We had a study done in 2016 that shows we had an over $10 million direct economic impact. That wasn't the Kingdom Trail Association getting that money, it was the area making money on gas, and lodging, and food, and maple syrup. I think there's some concern in the air among businesses, and especially lodging with NEMBA Fest being canceled, and that concerns us as well. That's why we're still, as we make these changes, wanting to let people know that we're alive and well, and we still have those 80 plus miles of trails, which is more miles of trails than many other networks in the area. This doesn't include Burke Mountain, which is a whole other experience. We’re just reassuring folks that we're not going anywhere and that we're only going to get better.

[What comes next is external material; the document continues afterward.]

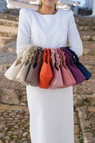 Bag with a round curly handle, lined in natural silk, in beige.

What kinds of lessons have you guys learned from this experience, particularly in terms of unchecked growth, and how does that impact efforts to educate mountain bikers moving forward?Abby
: I think we've learned a lot of lessons. The first is the importance of two-way communication between our landowners and our community. We really need to listen. We need to take our direction from them, and engage them more. We wrote about creating a landowner committee and having consistent communication through public forums, the first of which is coming up on February 11th.
We can't just go full steam ahead on our own. We need to take all thoughts and considerations into account, and make sure we're progressing responsibly, and that's through collaboration and communication.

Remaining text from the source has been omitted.